Therapeutic areas in focus
FDA clears GSK’s Boostrix for use in pregnancy
The FDA has approved the use of GlaxoSmithKline’s Boostrix (Tdap) vaccine for use in the third trimester of pregnancy to prevent pertussis (whooping cough) in infants younger than two months old.
According to the Centers for Disease Control and Prevention (CDC), 4.2% of the total cases of pertussis reported in the US in 2021 were in infants younger than six months of age, and approximately 31% required hospitalisation. Boostrix is already used for active booster immunisation in children aged 10 to 18 years against tetanus, diphtheria and pertussis, and has been previously approved for use in pregnancy to protect the mother.
The determination of the effectiveness of Boostrix administered during the third trimester to prevent pertussis among infants younger than two months was based on a re-analysis of Boostrix-relevant data.
108 cases of pertussis in infants younger than two months (including four cases where the mother received Boostrix during the third trimester) and 183 control infants who didn’t have pertussis (including 18 whose mother received Boostrix in the third trimester) resulted in a preliminary estimate of Boostrix being 78% effective.
Peter Marks, MD, PhD, director of the FDA’s Center for Biologics Evaluation and Research, stated: “Pertussis disease is a highly contagious respiratory illness affecting all age groups. However, babies are at highest risk for getting pertussis and having serious complications from it. While vaccination is the best method for providing protection, infants younger than two months of age are too young to be protected by the childhood pertussis vaccine series. This is the first vaccine approved specifically for use during pregnancy to prevent a disease in young infants whose mothers are vaccinated during pregnancy.”
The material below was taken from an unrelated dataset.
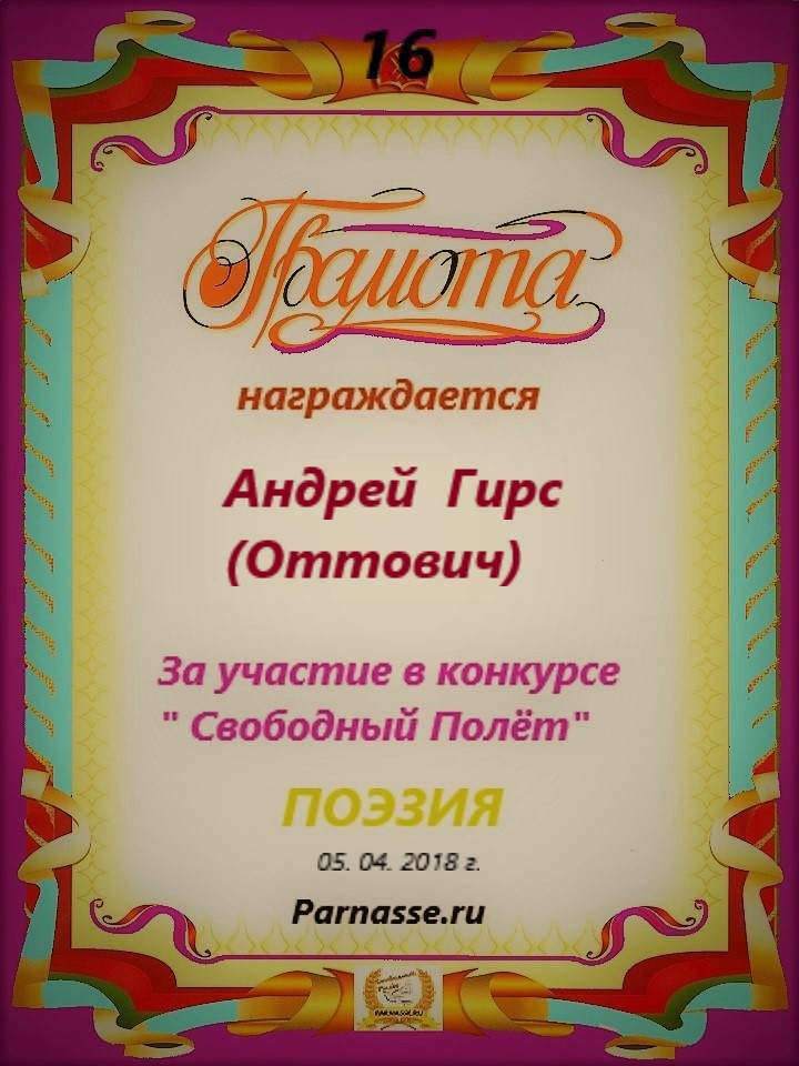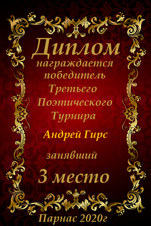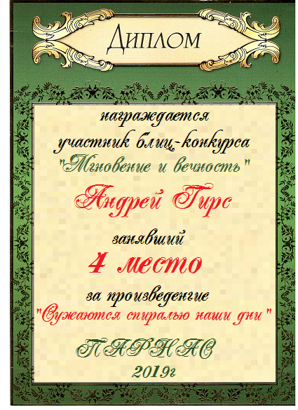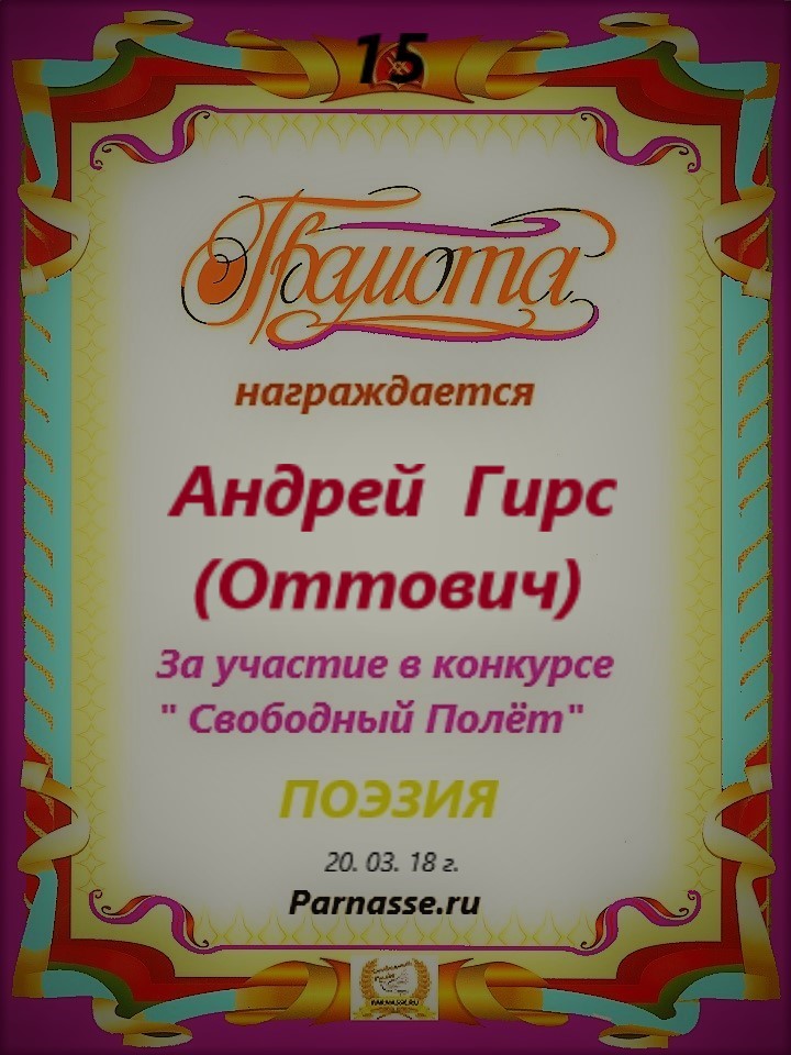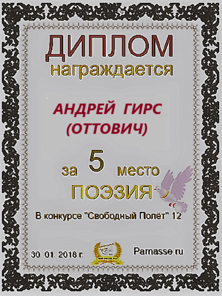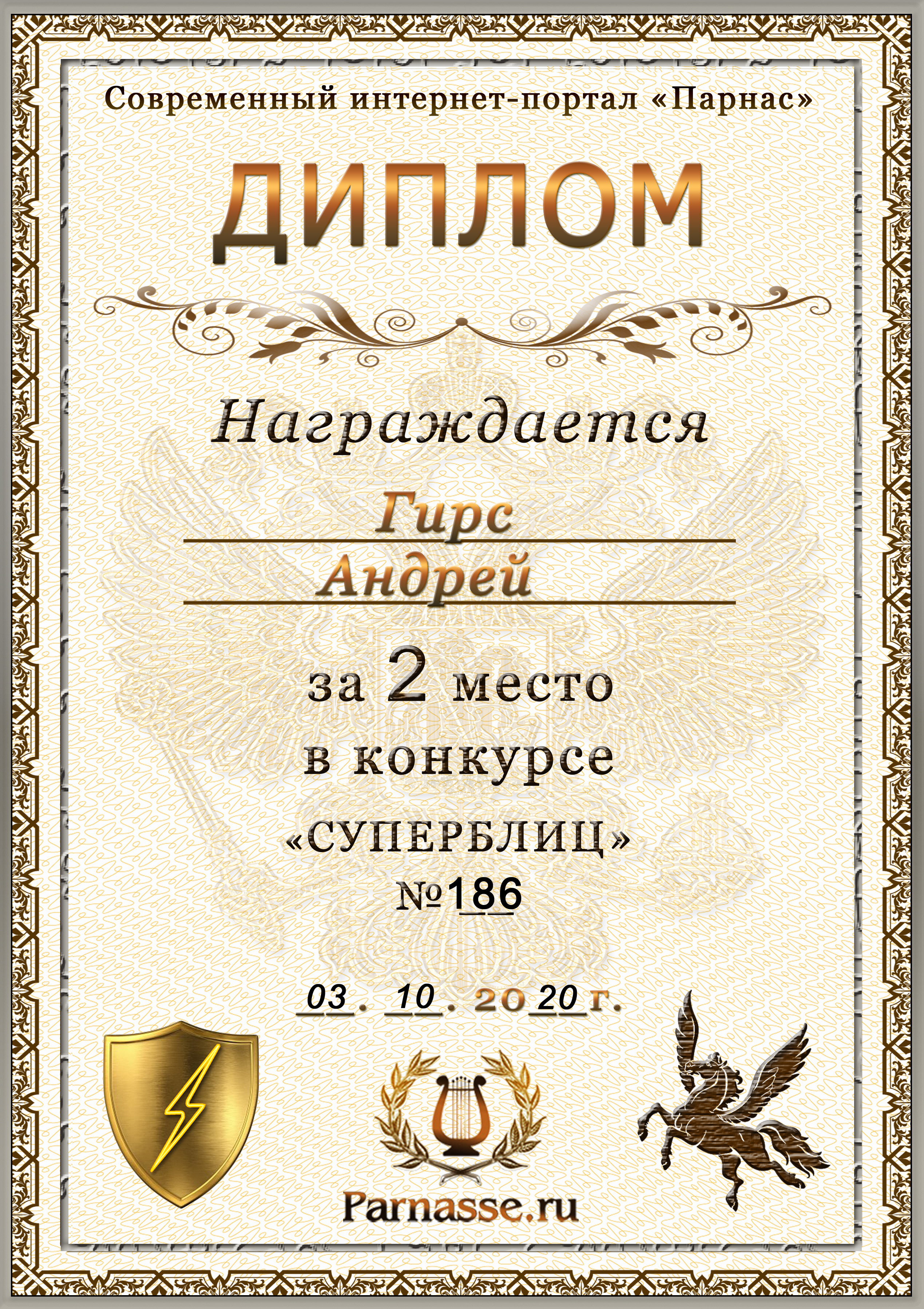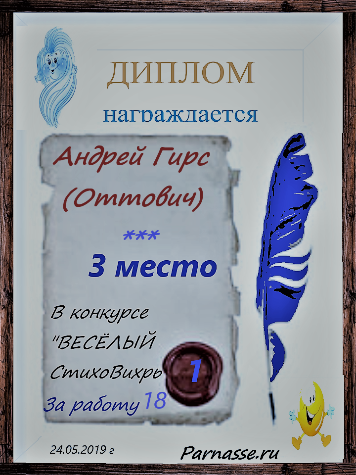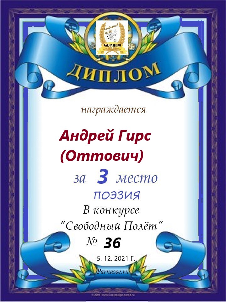 Диплом за 3 место в 87 конкурсе АКРОСТИХА (Альтернатива)!

Furosemide approved by FDA for patients with chronic heart failure
The FDA has approved furosemide (Furoscix) injections as an at-home treatment for patients with chronic heart failure, suffering from congestion.
It is administered through a system known as an On-Body Infuser.
According to scPharmaceuticals, heart failure affects more than six million people in the US and costs over $30bn annually, so another treatment option is hugely positive news. The new treatment is approved for treating congestion caused by fluid overload in patients with chronic heart failure who do not need hospitalisation, but have not responded to oral diuretic treatments.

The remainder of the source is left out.